▸ Task brief
Copy out exactly, and only, the lines from the one containing "別名「行人坂」「唯念 (ゆうねん) 坂」「ゆう玄坂」「幽霊坂」「若宮坂」とも呼ばれる。" through the end of the entries. No pictures.

────────────────

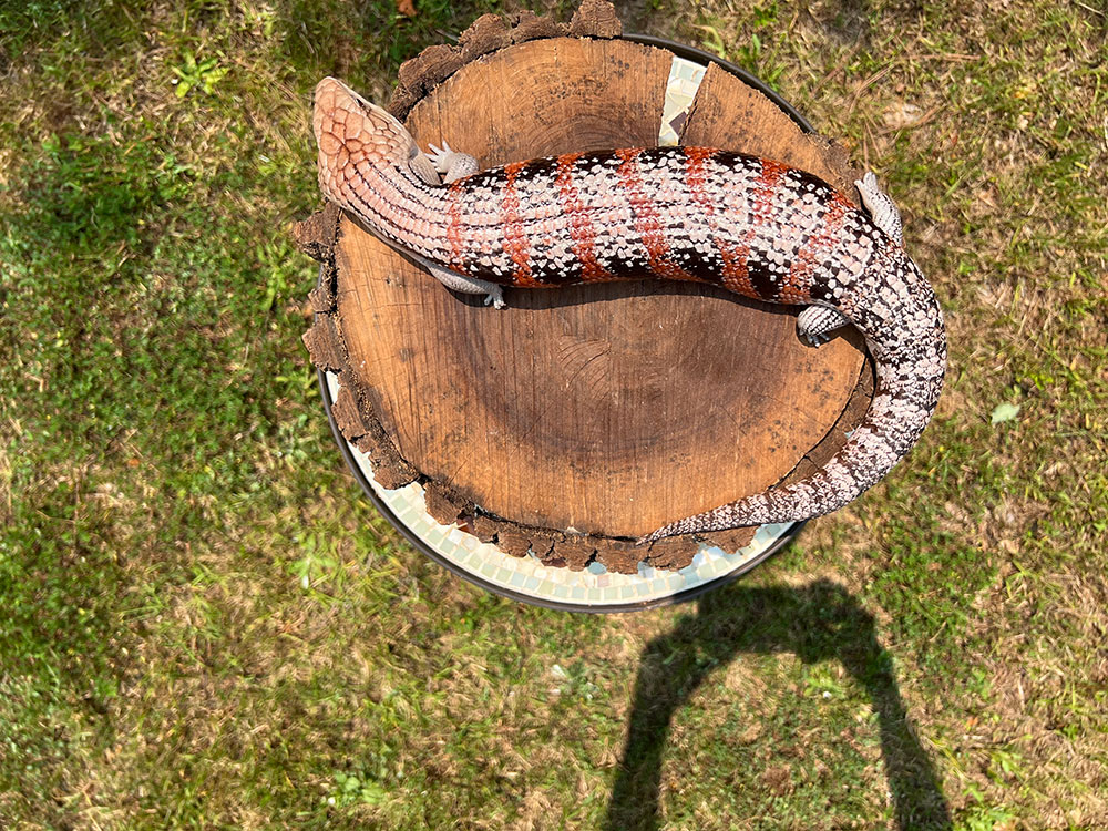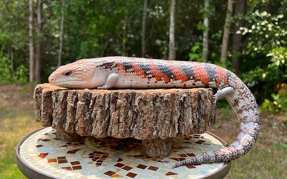 Wesselina, This beautifully colored skink was born in spring 2020. I purchased her from James Fenn. She is one of only two born that year of this particular morph – Magma x Red. I feel very blessed to have such a special and sweet skink! Her babies are usually marked vibrantly! They have beautiful dispositions to match.
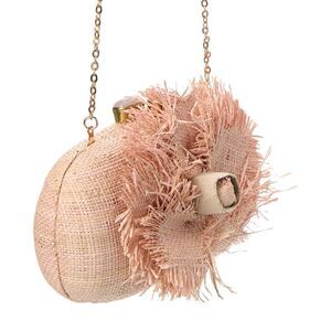 Color/material: blush straw Design details: gold hardware, Dimensional flower Interior design details: Interior gold metal chain shoulder strap Measures 8in wide x 4.75in high x 2.5in deep Magnetic snap Imported Please note: All measurements were taken by hand and are approximate; slight variations may occur.
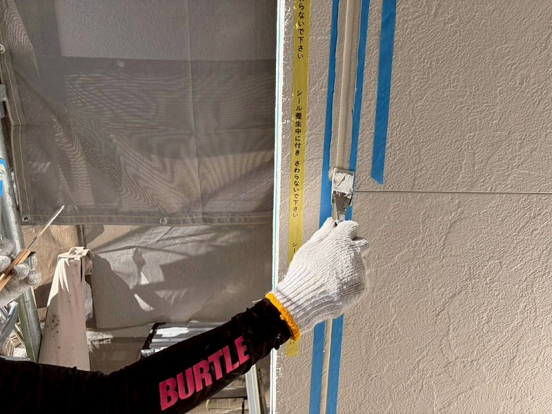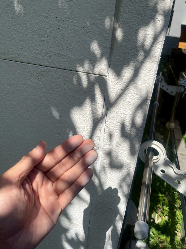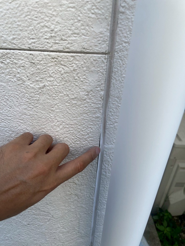 外壁の目地部分のシーリングが劣化して、硬くなったりひび割れたりしています。このままでは目地部分から雨水が侵入してしまいます。古いシーリングは撤去して新しく打ち替える、若しくは増し打ちで補修することができます。
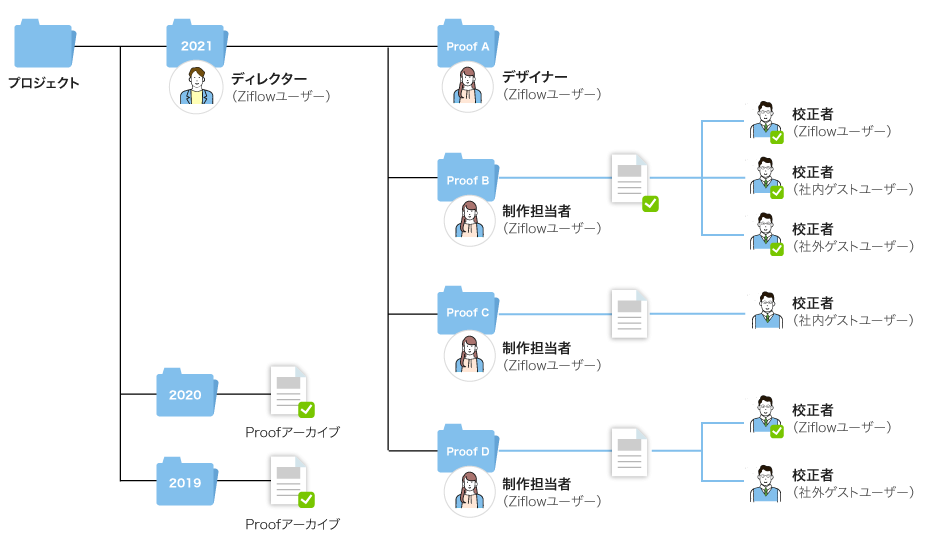 Ziflowは自由なフォルダ設計が可能で担当者ごと、プロジェクトごとにフォルダを作成して校正を管理することができます。
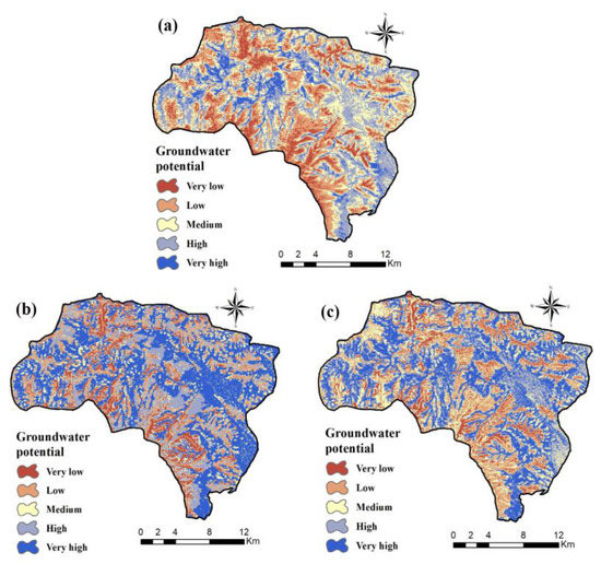 The groundwater potential maps created by sample dataset 3 (because of higher accuracy in validation step) and the GARP (Figure 5c), QUEST (Figure 6c), and RF (Figure 7c) models were then imported into ArcGIS 10.3 software and, using the quantile classification scheme [19,71], categorized into five different classes (very low, low, moderate, high, and very high potential) (Figure 8).
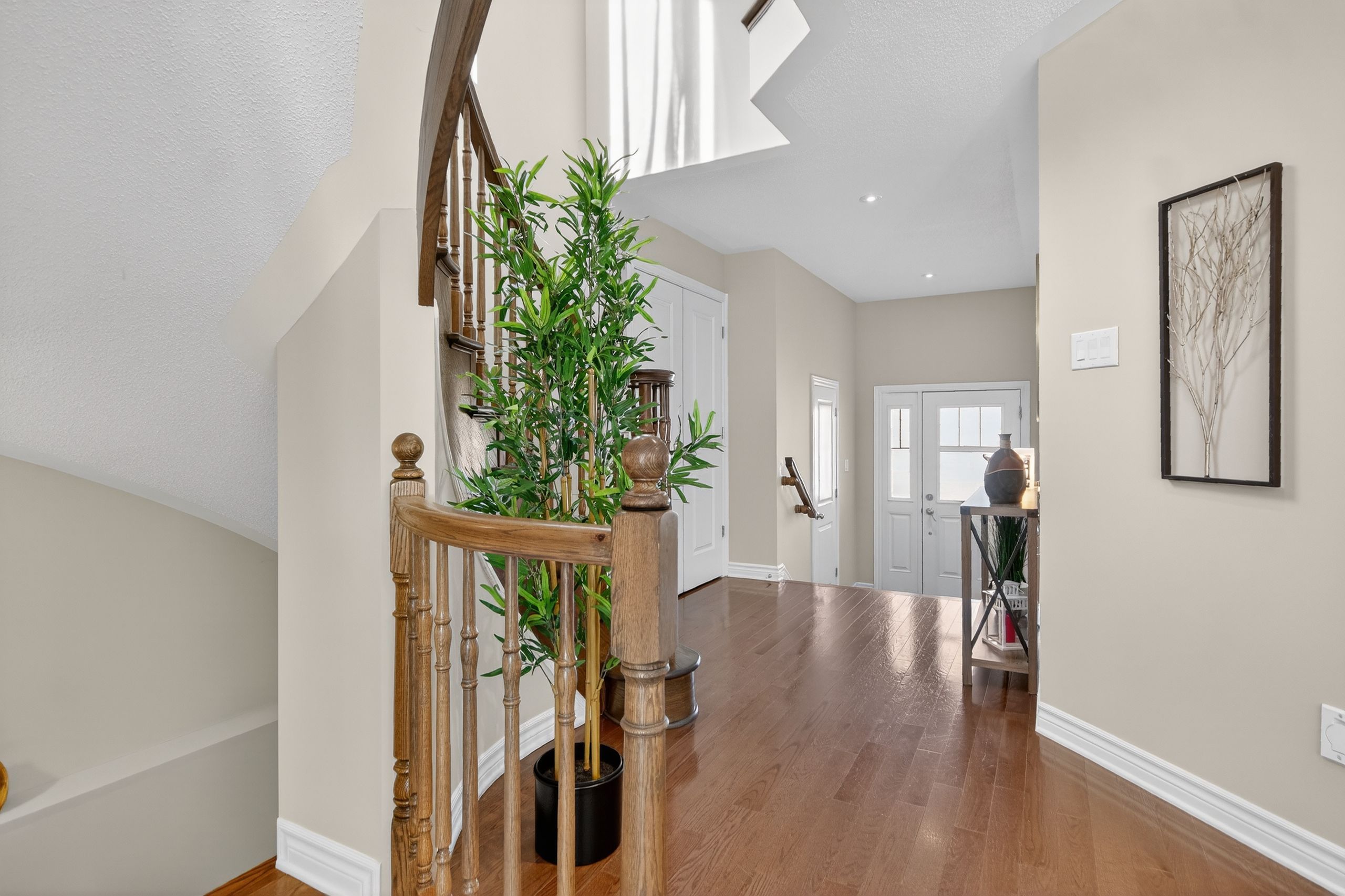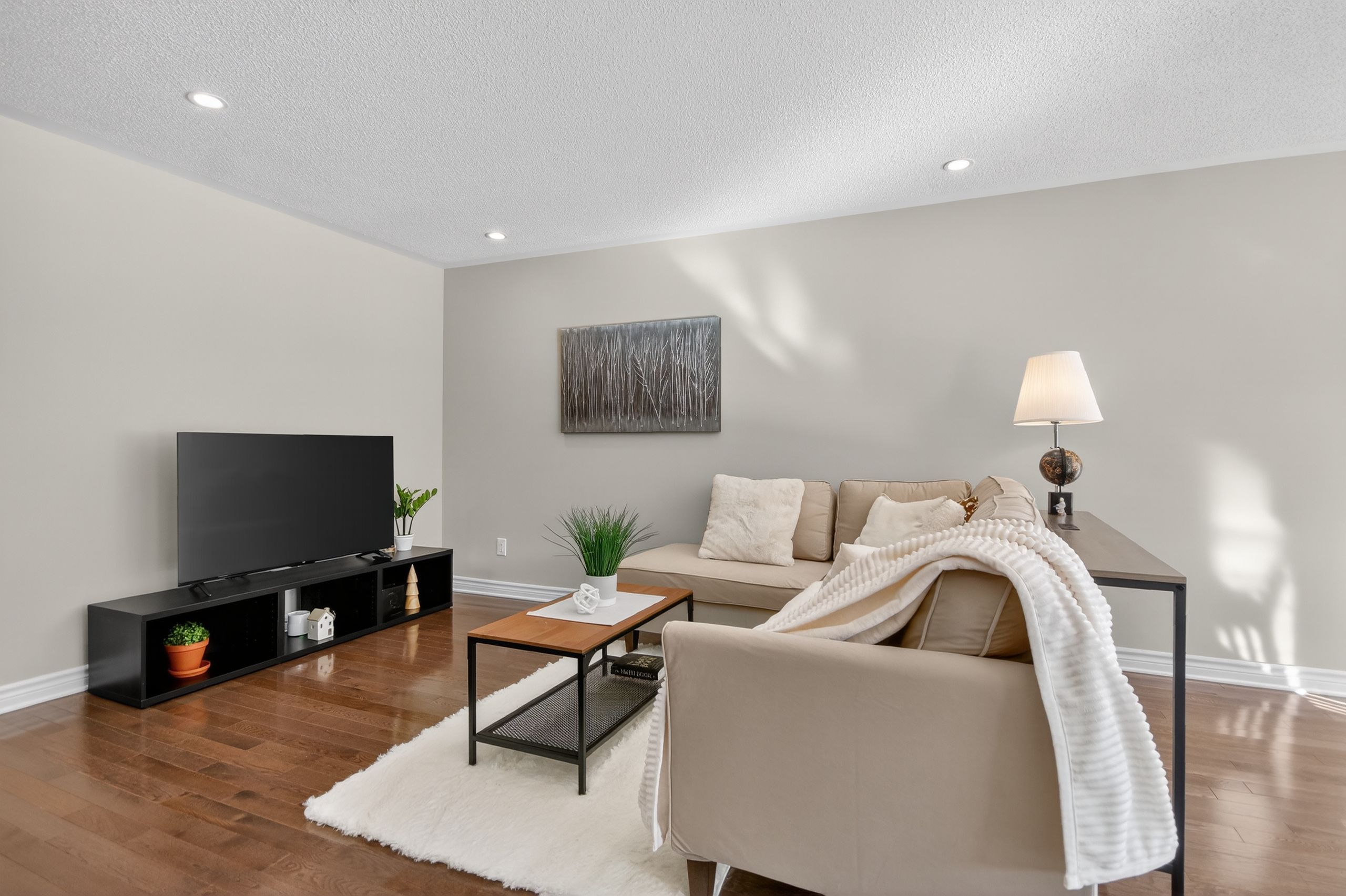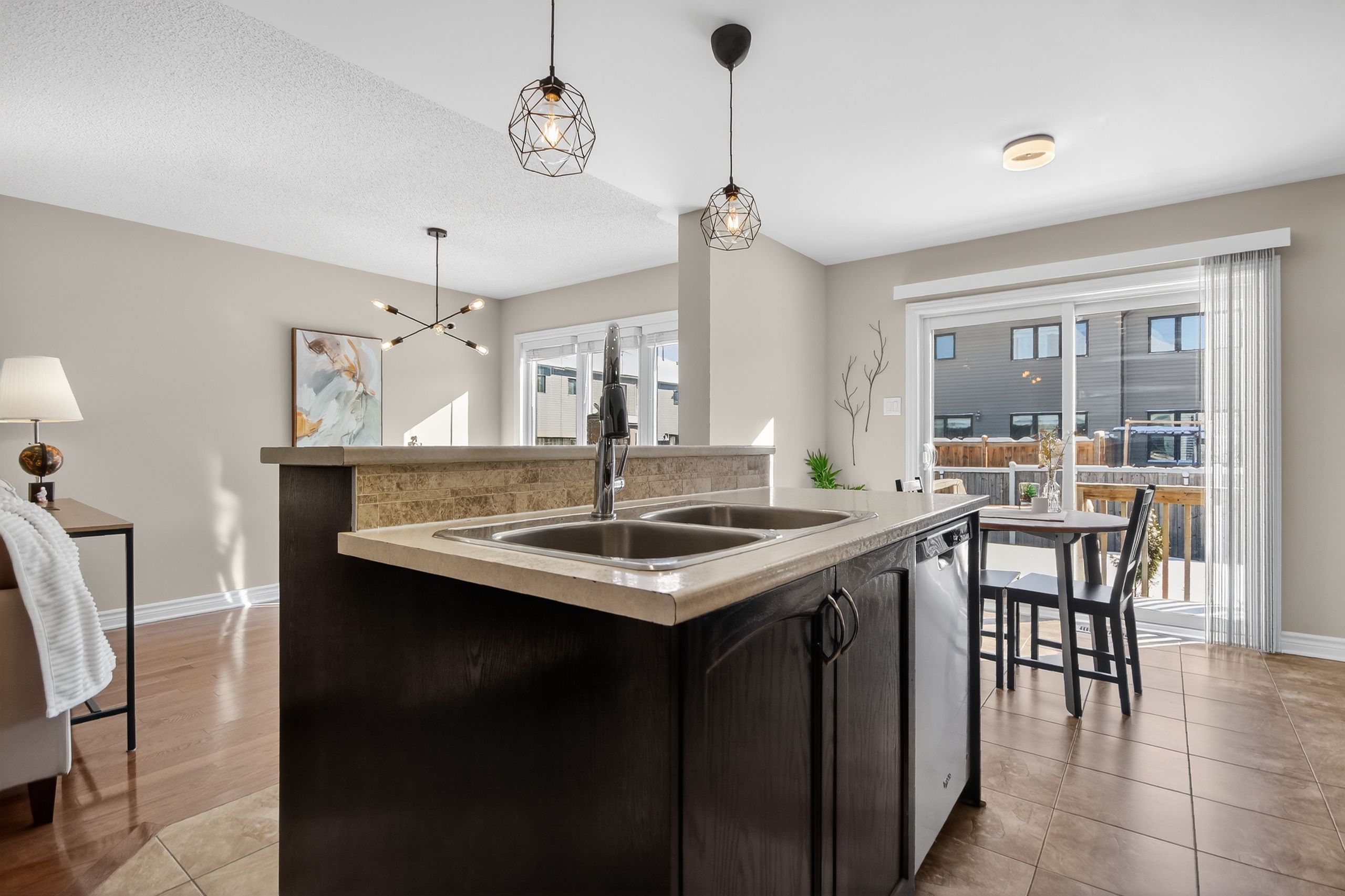 • Main floor with hardwood flooring, large living room, and open-concept kitchen.
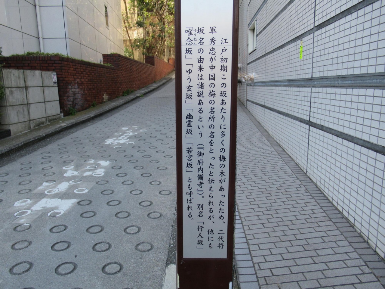 別名「行人坂」「唯念 (ゆうねん) 坂」「ゆう玄坂」「幽霊坂」「若宮坂」とも呼ばれる。
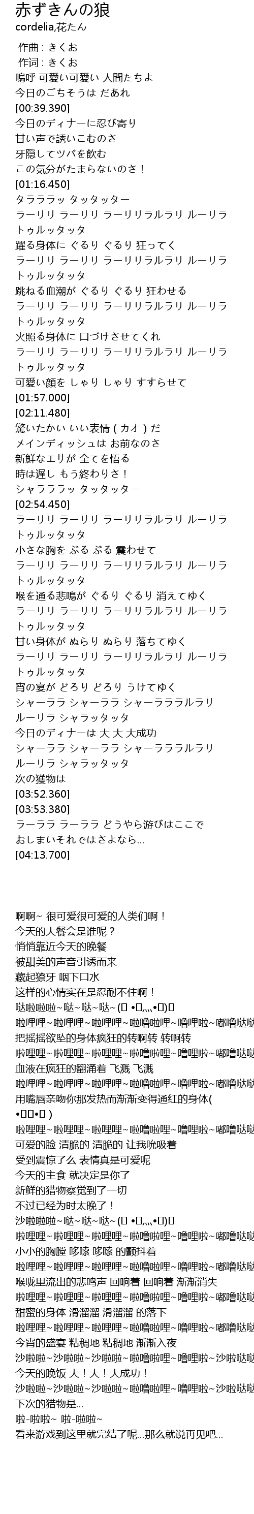 | [03:55.460] | ラーララ ラーララ どうやら游びはここで おしまいそれではさよなら… |

────────────────

▸ Answer to this exercise
 別名「行人坂」「唯念 (ゆうねん) 坂」「ゆう玄坂」「幽霊坂」「若宮坂」とも呼ばれる。
 | [03:55.460] | ラーララ ラーララ どうやら游びはここで おしまいそれではさよなら… |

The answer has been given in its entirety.